唇の間から血が溢れ、肌を伝って地面に垂れていく。それは何故かひどく背徳的で淫靡な感じがして、頬に熱が集まるのを感じる。それでも、深いキスを続ける。それがきっと、モロハさんが戻ってきてくれるきっかけになると信じて。
「戻ってきて、くださいよ……」
そしてたっぷり数十秒間も続けた後、ダランとして力の抜けたモロハさんの身体を抱きしめた。
◆
いろいろなものが、ながれこんできた。
たいせつだったはずのきおく。

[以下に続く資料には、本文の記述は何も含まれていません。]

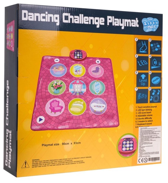 Interaktywna mata muzyczna w wersji dom dla dzieci od 3-go roku życia. Mata wykonana została z bezpiecznych materiałów, najlepszej jakości. Posiada antypoślizgową konstrukcję i jest łatwa w utrzymaniu czystości. Wystarczy przetrzeć ją delikatnie wilgotną ściereczką. Na macie znajduje się 9 obrazków z rysunkami przedmiotów domowych, przyciski dotykowe z minusem i plusem (regulacja głośności), oraz przycisk dotykowy ze strzałką przeznaczony do zmiany poziomu trudności oraz trybów. Mata posiada 5 poziomów, z każdym zwiększa się stopień trudności. Do wyboru mamy 3 tryby zabawy: zabawa taneczna, tryb piano i tryb demonstracyjny z dziewięcioma wbudowanymi utworami. Na górze maty znajduje się panel z podświetlanymi obrazkami rzeczy domowych, tablica wyników LED, głośnik oraz włącznik „on/off". Panel zasilany jest bateriami typu 3 x AA 1,5V (brak w zestawie).

すきだといってくれたひとのきおく。
すきだった記憶。おいしかった記憶。そして、昔のわすれていた記憶。知らない森の、ちいさな女の子の記憶。
戦いの記憶。愛した記憶。何のために、誰のために戦っていたかの理由。
それらを通じて、自分がどんな人間だったかを思い出す。作られた人格をベースに、『欠月 諸刃』という人間がどんな人物だったのかを思い出す。

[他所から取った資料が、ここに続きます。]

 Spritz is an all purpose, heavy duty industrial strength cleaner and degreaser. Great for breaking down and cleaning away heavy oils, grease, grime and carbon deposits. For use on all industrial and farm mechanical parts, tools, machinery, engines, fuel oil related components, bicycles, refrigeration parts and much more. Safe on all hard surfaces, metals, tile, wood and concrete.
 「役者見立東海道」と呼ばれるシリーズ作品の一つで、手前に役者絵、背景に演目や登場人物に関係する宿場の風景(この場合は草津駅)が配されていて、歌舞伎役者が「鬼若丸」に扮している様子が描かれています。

熱い血とキスの感触が、壊れた自分を繋ぎ合せて欠けを埋めていく。同時に、どうしようもなく自分が本人ではない感覚も湧き上がってくる。
「まあ、そうなると思っていたよ」
意識がはっきりしたと思った途端、世界は一面の花畑に変わっていた。レモン型の月が浮かぶそこに、いつの間にか俺と、アマリリスさんは座っていた。
「あっ……」
「人格を再現するなんて、幾ら君たちのチートとはいえ随分と無茶だ。しかもボクも手助けしたとはいえ、成功するなんてね」
微笑んで言う師匠に、何も言うことができなかった。何を言えばいいのか、分からない。いや、そもそも言葉とはどう口にするんだったか。
「喋れないなら、まあそのまま聴いてていいよ。
自分を見失って壊れそうになってるキミに、先達としてアドバイスだ。まあ、最後に壊れたボクが言えることかも分からないし、そもそも受け売りなんだけどね」
ボクの槍を改修してくれた、あの銀色の子が言っていたことだ。そう前置きしてから、アマリリスさんは話し始めた。
「スワンプマンっていう思考実験らしいんだけどね。
ある男が沼にハイキングに出かける。この男は不運にも沼の傍で突然雷に打たれて死んでしまう。その時、もうひとつ別の雷がすぐ傍に落ち、沼の汚泥が不思議な魔法反応を引き起こし、死んだ男と全く同一形状の人物を生み出してしまう」
そういえば、どこかでそんな話を聞いた記憶があるような気がする。地球で……だったか、よく思い出せないけど、多分そうだったはず。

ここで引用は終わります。